Several studies have emerged in the past two decades that attempt to assess the gender gap between men and women in various fields (Lariviére et al., 2013; Lauzen, 2019; Wagner et al., 2015).

Many studies have utilised the Bechdel Test (Bechdel, 1986) to evaluate gender bias in movies. Kagan et al. (Kagan et al., 2020) in their studies presented 15,540 movie social networks where their findings showed a gender gap in almost all genres of the film industry. However, they also found that all aspects of women’s roles in movies show a trend of improvement over the years with a constant rise in the centrality of female characters and the number of movies that pass the Bechdel test.

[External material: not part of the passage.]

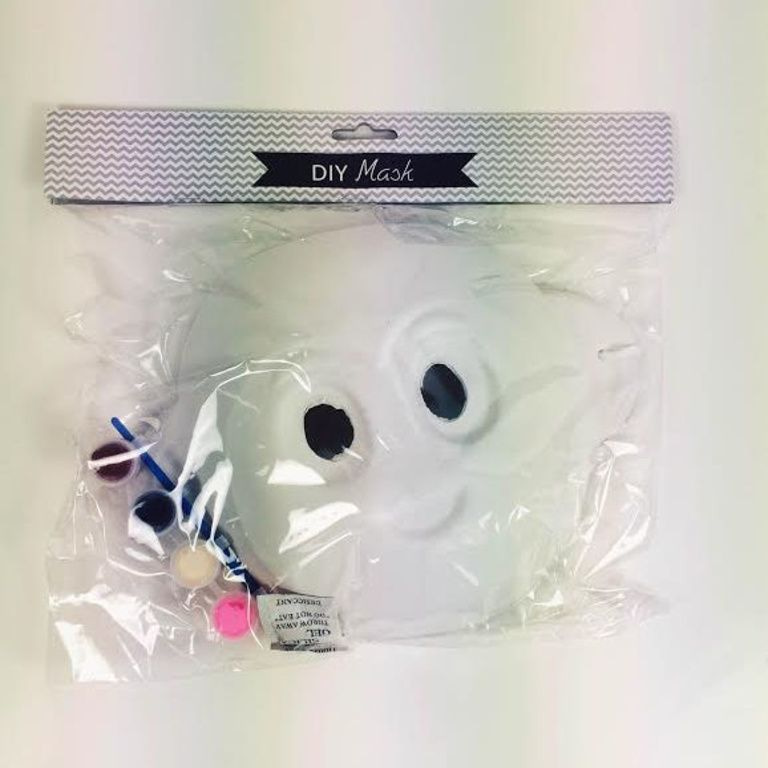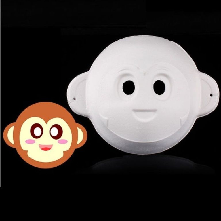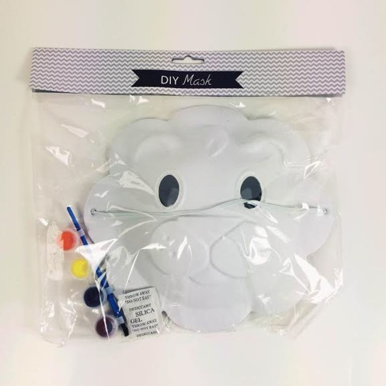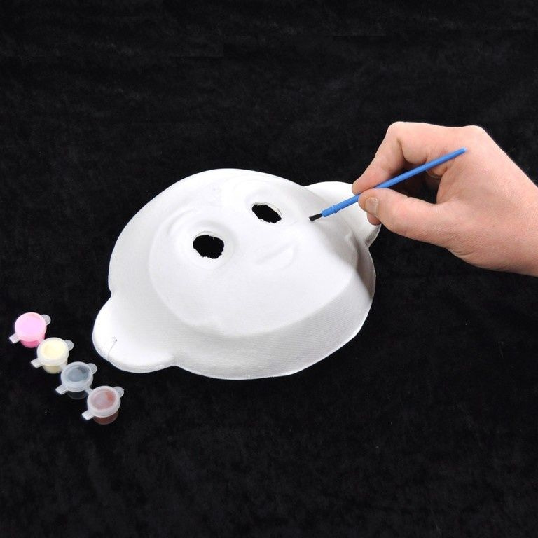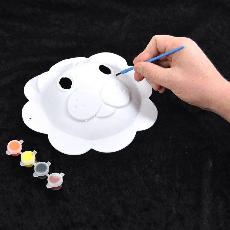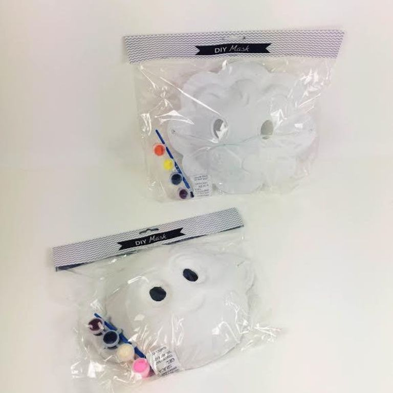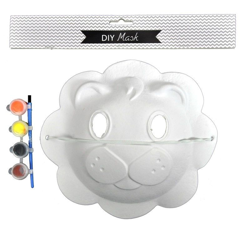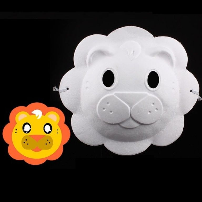 Carino grandi maschere di animali per i bambini. Queste maschere sono di colore bianco e sono dotati di quattro colori di vernice e un pennello. Così i vostri animali si possono mascherare sé vernici, e si ha la propria maschera unica.
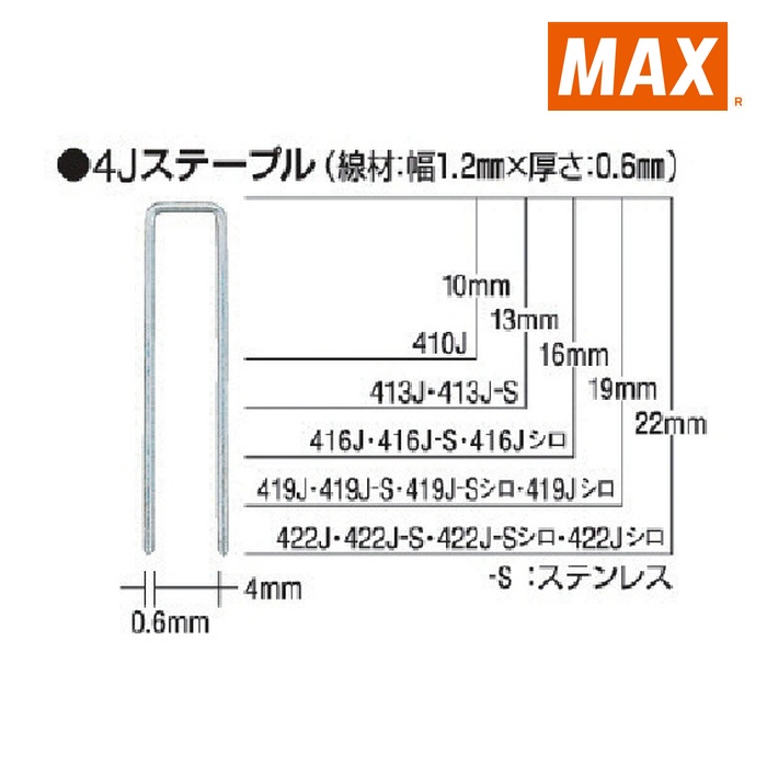 MAX マックス タッカ用ステープル 肩幅4mm 長さ16mm 5000本入り (1箱) 品番:416J

Xu et al. (Xu et al., 2019) in their analysis of 7226 books, 6087 film synopsis, and 1109 film scripts, identified the constructed emotional dependence of female characters on male characters, also called the Cinderella complex, where women depend on men for a happy and fulfilling life. They used the word embedding techniques with word vectors trained on the Google News dataset to construct a happiness vector for automatically calculating the happiness score for every word in the document. The happiness vector contains words such as success, succeed, luck, fortune, happy, glad, joy, and smile for positive and failure, fail, unfortunate, unhappy, sad, sorrow, and tear for negative sentiment. Their analysis of female and male characters showed that female’s word vector is oriented toward romance, whereas men’s toward adventure. Their studies showed how such narratives embed stereotypical gender roles into moral tales and institutionalise gender inequality through these cultural products.

Similarly, Yu et al. (Yu et al., 2017) analysed the emotion represented in Korean thriller movie scripts. The authors performed manual emotion annotation on movie scenes based on eight emotion types defined by Plutchik (Plutchik, 1988). Further, they used the Python-based NLTK VADERSentiment tool to analyse the sentiment of the same script and compared the results obtained with manual tagging. Their result showed that the emotions of anger and fear were most matched, whereas the emotion of surprise, anticipation, and disgust had a lower matching score.

Anikina (Anikina, 2017) in her work performed manual annotation on movie dialogues based on Plutchik’s emotion wheel. The author used machine learning classifiers (fastText, OpenNLP and SVM) to train on different datasets and implemented rule-based NRC emotion lexicon classifiers to detect the emotions. The study compared the results obtained from NRC Lexicon with manually annotated data to find the accuracy. The study highlighted how the unavailability of annotated resources on movie script domain affected the training process as the data from different domains had to be used and also discussed the limitations of used classifiers in performing multi-label emotion classification.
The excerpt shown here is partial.